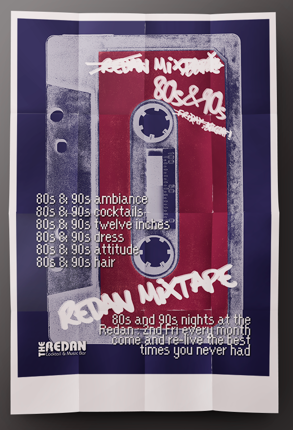 Design of posters and cocktail menus for a specially branded regular 80s & 90s Music Night at a popular cocktail bar.
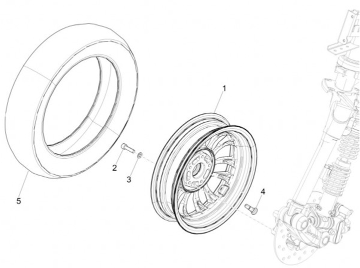 Set roda termasuk kit konversi -PIAGGIO 3.00-12 inci - 14 jari-jari - tipe Vespa Sprint 50-150 cm - cocok untuk Vespa GT, GTL, GTS 125-300, GTV - perak-abu-abu
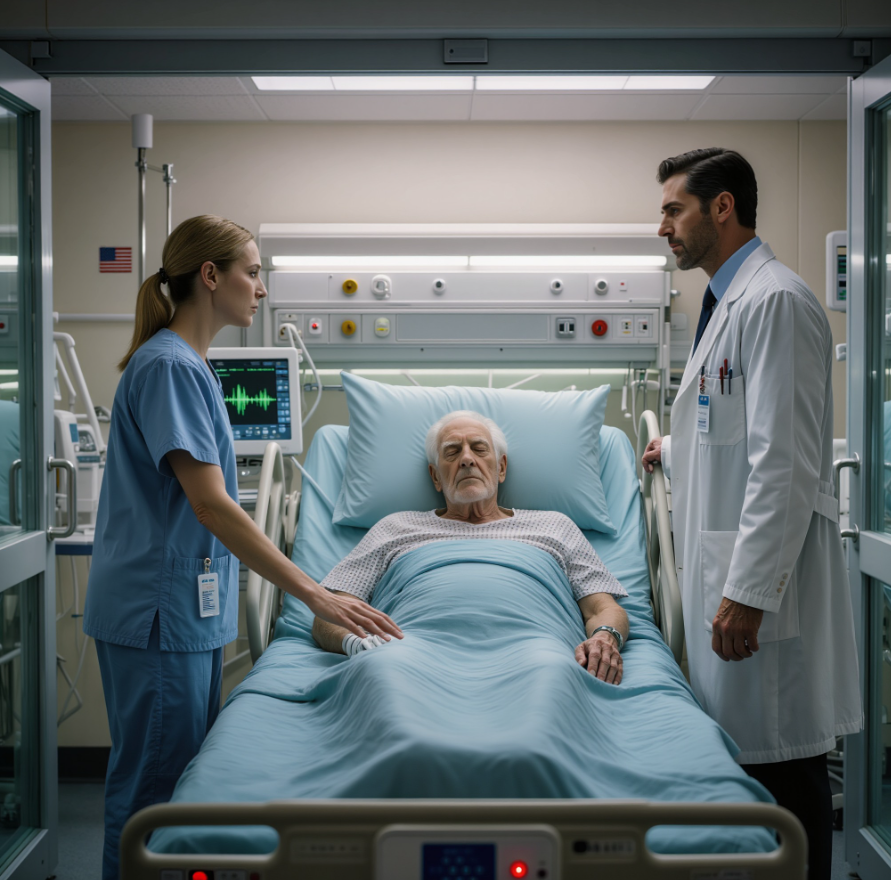 Doktor Ethan Carter stał przy szklanej ścianie oddziału intensywnej terapii, z rękami splecionymi za plecami, wpatrzony w pacjenta leżącego po drugiej stronie.
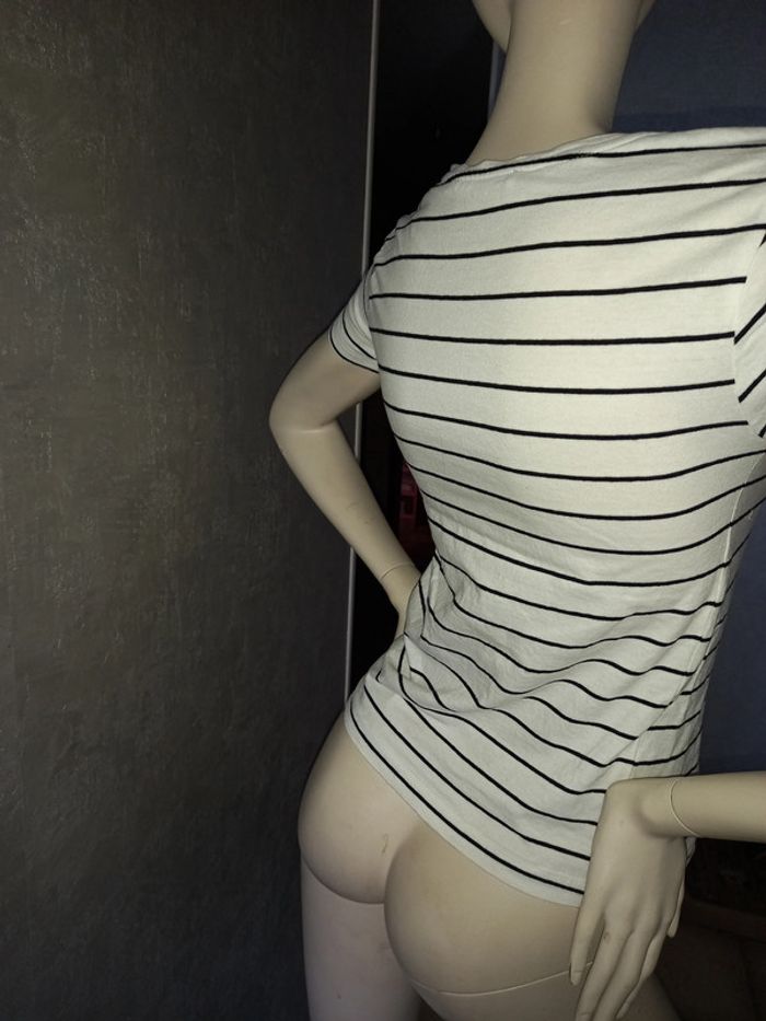 tee shirt rayé inscription doré mango taille 36/38 - photo numéro 3
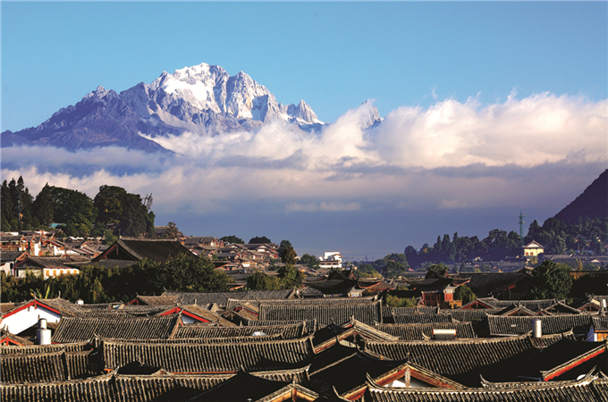 A view of Yunnan's Lijiang Ancient Town under Yulong Snow Mountain
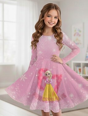 FILLE 3D Etoiles Robe Manche Courte Été Printemps Quotidien Vacances Fête Princesse Beau Doux Enfants 4-12 ans Robe Décontractée Mi-long Coupe régulière
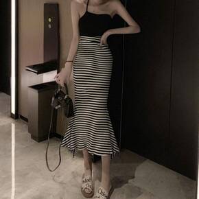 2022夏季新款港味性感时尚裙子女高腰条纹开叉鱼尾...
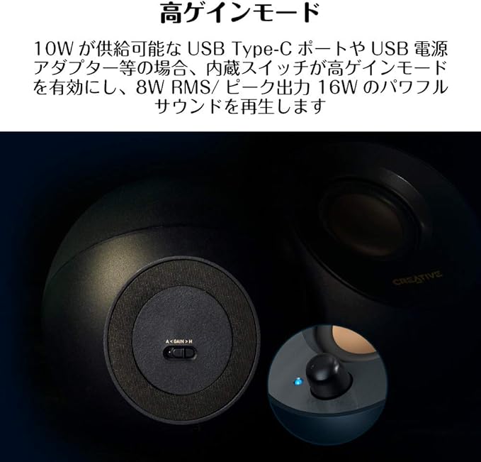 【ケーブル2本接続タイプ:USBから電源 & アナログケーブルで音声を入力】【USB Type-C & A 対応】USB Type-C接続では8W RMS(ピーク出力16W)のパワフル サウンドを実現
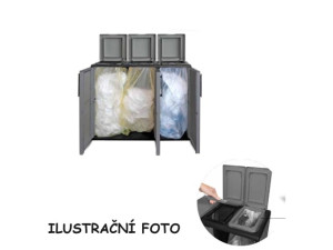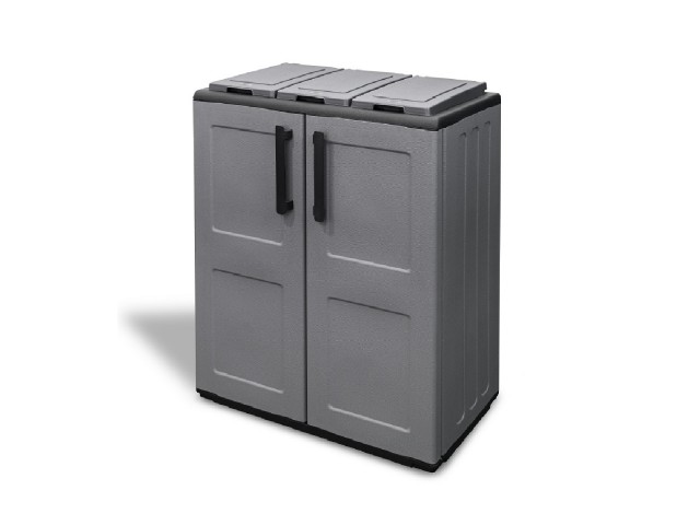 Skříňka na tříděný odpad, 2x dvířka + 3x víko,řada FREE ECO - kvalitní recyklovatelný polypropylen, rozměr 68 x 37 x 84 cm, odolnost vůči povětrnostním vlivům a teplotním změnám, ocelové panty, stabilní a kompaktní konstrukce,

━━━━━━━━━━━━━━━━━━━━

### PROBLEM REQUIREMENTS
No pictures should appear in the copy. Print exactly the lines above from the line containing "tee shirt rayé" through the last line of the data.

### RESPONSE AREA
 tee shirt rayé inscription doré mango taille 36/38 - photo numéro 3
 A view of Yunnan's Lijiang Ancient Town under Yulong Snow Mountain
 FILLE 3D Etoiles Robe Manche Courte Été Printemps Quotidien Vacances Fête Princesse Beau Doux Enfants 4-12 ans Robe Décontractée Mi-long Coupe régulière
 2022夏季新款港味性感时尚裙子女高腰条纹开叉鱼尾...
 【ケーブル2本接続タイプ:USBから電源 & アナログケーブルで音声を入力】【USB Type-C & A 対応】USB Type-C接続では8W RMS(ピーク出力16W)のパワフル サウンドを実現
 Skříňka na tříděný odpad, 2x dvířka + 3x víko,řada FREE ECO - kvalitní recyklovatelný polypropylen, rozměr 68 x 37 x 84 cm, odolnost vůči povětrnostním vlivům a teplotním změnám, ocelové panty, stabilní a kompaktní konstrukce,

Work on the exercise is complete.